Task goal: Please transcribe exactly the lines from the line holding "Pisk sammen alle" through the end of the data below, and skip any pictures.

Data:
★ ★ ★ ★ ★

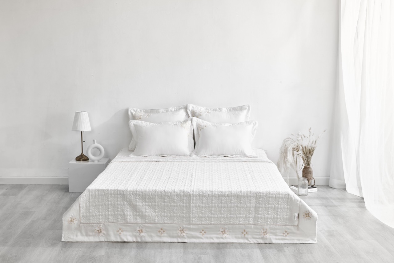 - Bạn sẽ cảm nhận sự mềm mại của loại vải Tencel từ lần chạm đầu tiên, mang đến cảm giác thoáng mát, nhẹ nhàng trong quá trình sử dụng. Những sợi vải mảnh mai được liên kết với nhau một cách chặt chẽ, giúp cho Tencel có độ bền cao gấp 2 lần so với Cotton thông thường. Cũng trên nền trắng là những chùm hoa trắng được thêu tay khá tỉ mẩn và chăm chút, không quá nổi bật nhưng đủ để ánh lên sự thanh lịch và sang trọng cho bộ sản phẩm cũng như không gian chứa đựng nó. Bộ sản phẩm sử dụng vải Tencel làm nguyên liệu hình thành. Bản thân Tencel là loại vải mang đậm dấu ấn của tự nhiên, được chiết xuất từ các loại cây giàu xenlulozo, thân xốp, nhiều sợi như khuynh diệp, bạch đàn, tre… nguyên liệu thành phẩm được xử lý nghiền thành bột và kéo sợi thông qua công nghệ Nano… tạo ra Tencel an toàn tuyệt đối cho sức khỏe người dùng, và thân thiện với môi trường sinh thái. Là màu được sử dụng khá rộng rãi trong thiết kế nội thất của phần lớn các gia đình. Màu trắng là màu của sự giản đơn, có thể phù hợp với nhiều không gian nội thất khác nhau, tạo thành một tổng thể hài hòa và cân đối.
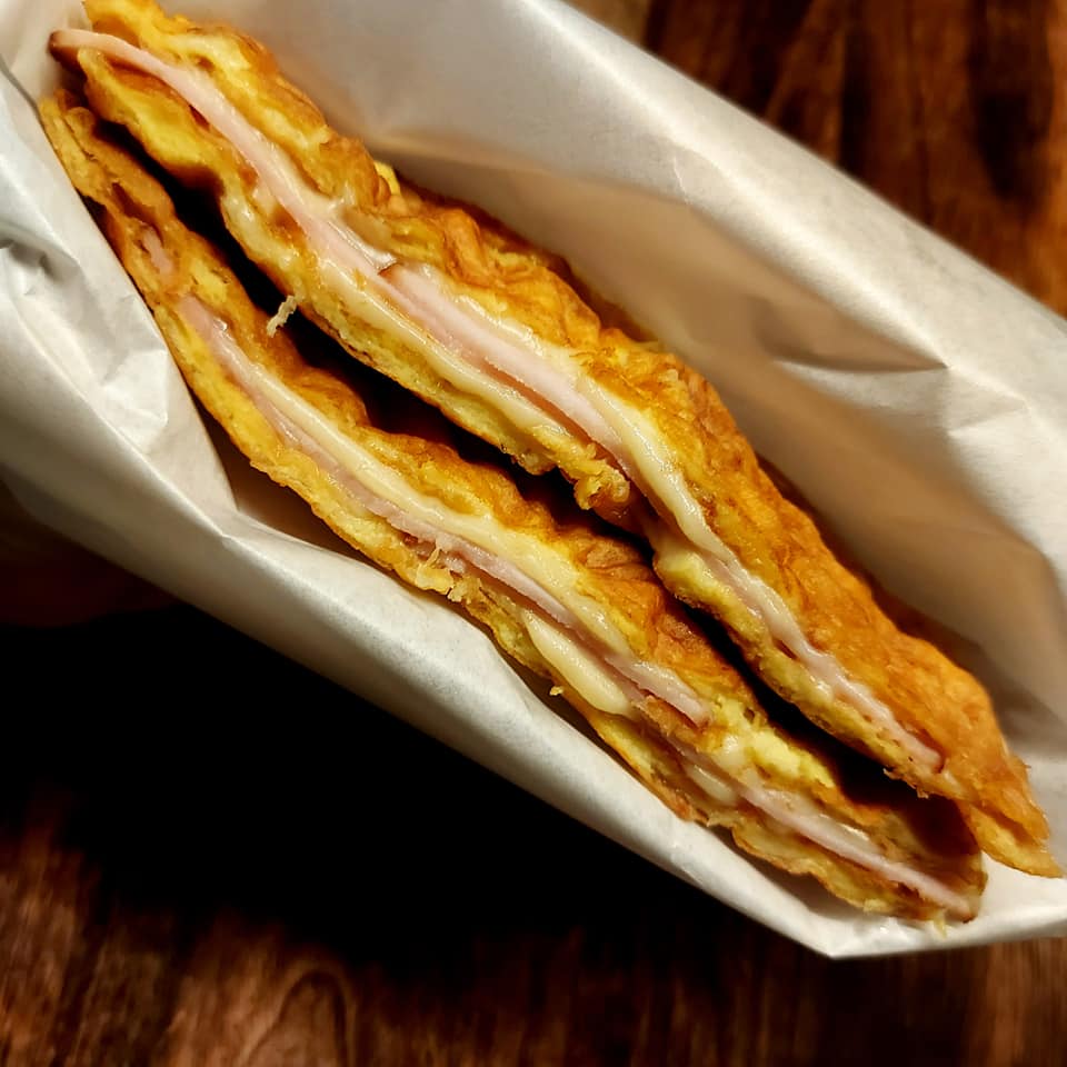 Pisk sammen alle ingredienser utenom ost. Tilsett revet ost og rør godt om. Spray eller smør jernet godt. Hell halvparten av røren i et lite vaffeljern og la chaffle steke til gyllen. Hos meg tar det ca 1,5-2 min. Når de er ferdig stekt topper du den ene chaffle med ost, skinke, litt sennep og ditt favoritt krydder. Ha gjerne på ketchup om du også foretrekker det. Legg oppå den andre chaffle og stek videre til osten har smeltet. Har du et stort vaffeljern, holder røren til 1 chaffle og da bretter du den bare dobbelt før du ettersteker den.
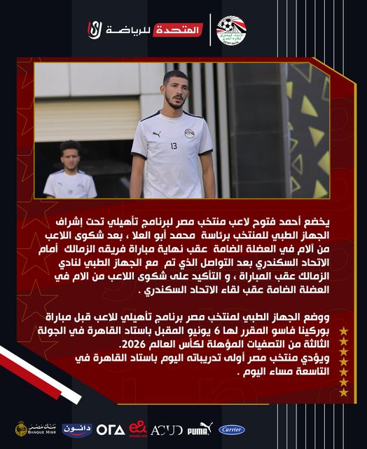 منتخب مصر يعلن خضوع أحمد فتوح لبرنامج تأهيلي

★ ★ ★ ★ ★

Response below:
 Pisk sammen alle ingredienser utenom ost. Tilsett revet ost og rør godt om. Spray eller smør jernet godt. Hell halvparten av røren i et lite vaffeljern og la chaffle steke til gyllen. Hos meg tar det ca 1,5-2 min. Når de er ferdig stekt topper du den ene chaffle med ost, skinke, litt sennep og ditt favoritt krydder. Ha gjerne på ketchup om du også foretrekker det. Legg oppå den andre chaffle og stek videre til osten har smeltet. Har du et stort vaffeljern, holder røren til 1 chaffle og da bretter du den bare dobbelt før du ettersteker den.
 منتخب مصر يعلن خضوع أحمد فتوح لبرنامج تأهيلي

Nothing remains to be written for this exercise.